Both BSS and provider staff, along with expert consultants reviewed data sets to address:

  • data quality issues
  • data transportation issues (moving the data sets to a staging area in preparation for transformation)
  • data transformation issues (changing data sets based on new business rules governing the new system)
  • data exportation issues (moving the new aggregated data sets from the staging area to the new system)

This process absorbed an enormous amount of project staff and consultant time. As discussed above, the contextual knowledge required during this phase was imperative to ensure correct business decisions were made. Substantial time was spent in drafting new business rules and making data inclusion decisions—time seldom considered in the cost estimation models.

The cost of on-going support
Few cost estimation models take into consideration what it will cost to support a new initiative past the initial implementation. The BSS team outlined the initial internal costs required to support the new system, as well as what they believed their user community would need to participate in the on-going requirements of the system. Part of the estimation reflected the realization that during the prototype testing few providers had sufficient equipment and expertise to participate. BSS looked for ways to help the provider community obtain the minimally required hardware and software to participate in the program. In their initial budget request, BSS factored these initial start-up costs in as part of the administrative costs incurred by each facility.

BSS staff and local providers will also need assistance with the day-to-day use of the new system. Where will the providers go for assistance? The BSS staff is very small. They must consider how they will provide support not only in the development, but also the on-going maintenance of the new system. What on-going role can the Technology Committee play? These factors also need to be considered in estimating the cost of a full system.

Looking to the future
The HIMS prototype was evaluated by a team of state staff and shelter providers in September 1999. Based on their positive assessment, BSS adjusted its design and prepared a budget request to go forward with a full system development project. The staff have the full support of the agency’s leaders and have identified several sources of funding to help support the project. BSS has also joined the Technology Committee in the search for effective case management systems that will help shelter providers manage their programs and collect data in a way that makes it easier for them to share that data with HIMS in the future.
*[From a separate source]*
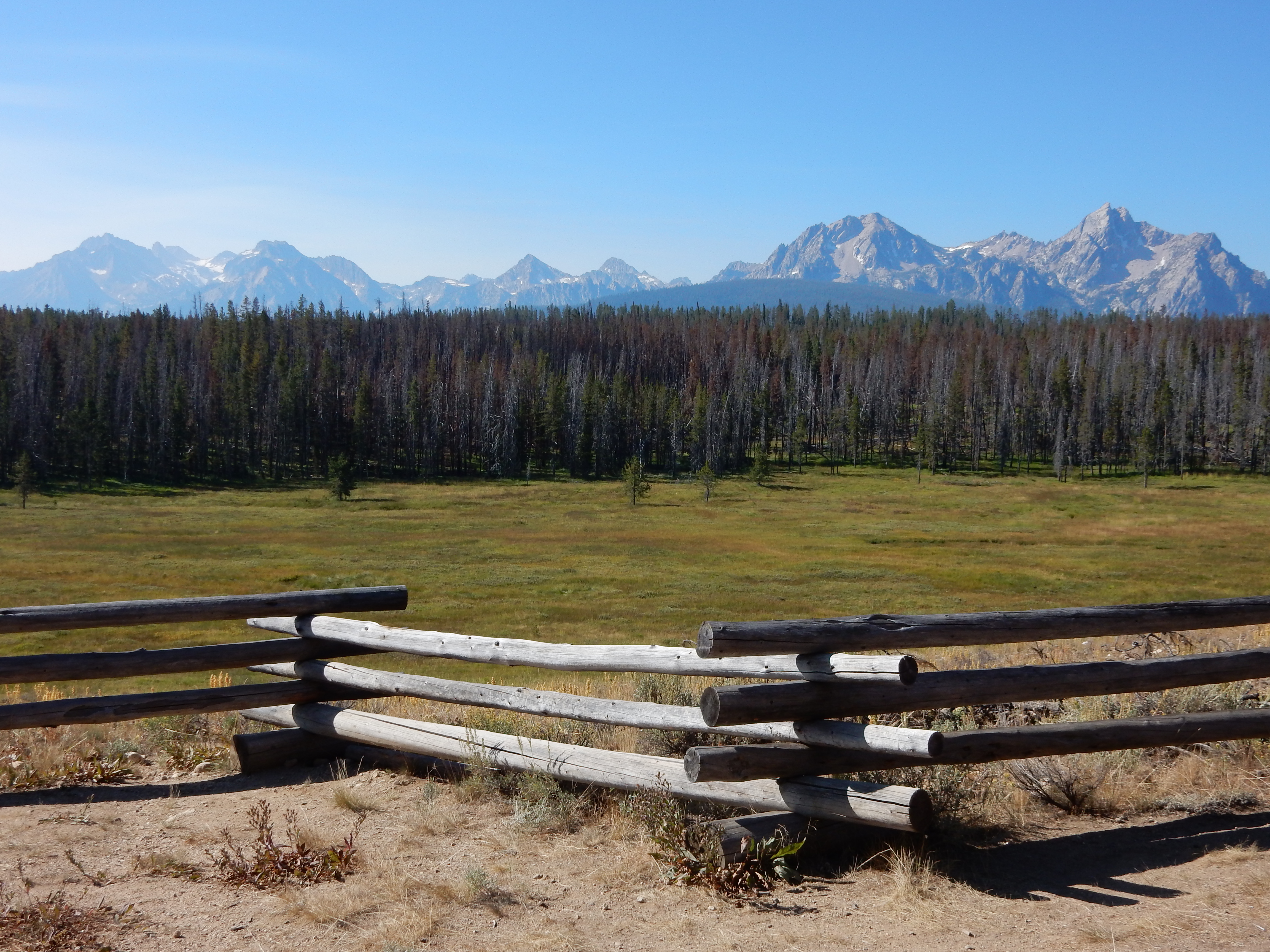 Soon thereafter, the road did the aforementioned curve back to the southeast and I was able to catch another look at the Sawtooth range from another vantage point.

Committee meetings now focus on system demonstrations and discussions that are moving toward these goals. Providers are actively supporting the BSS budget request and looking for resources of their own that will make them better able to participate in HIMS when it comes online. Most important, as a group, these professionals are armed with essential knowledge about the challenge that lies before them. Their expectations are high, but tempered by the difficulty of the environment they work in and the complications it presents.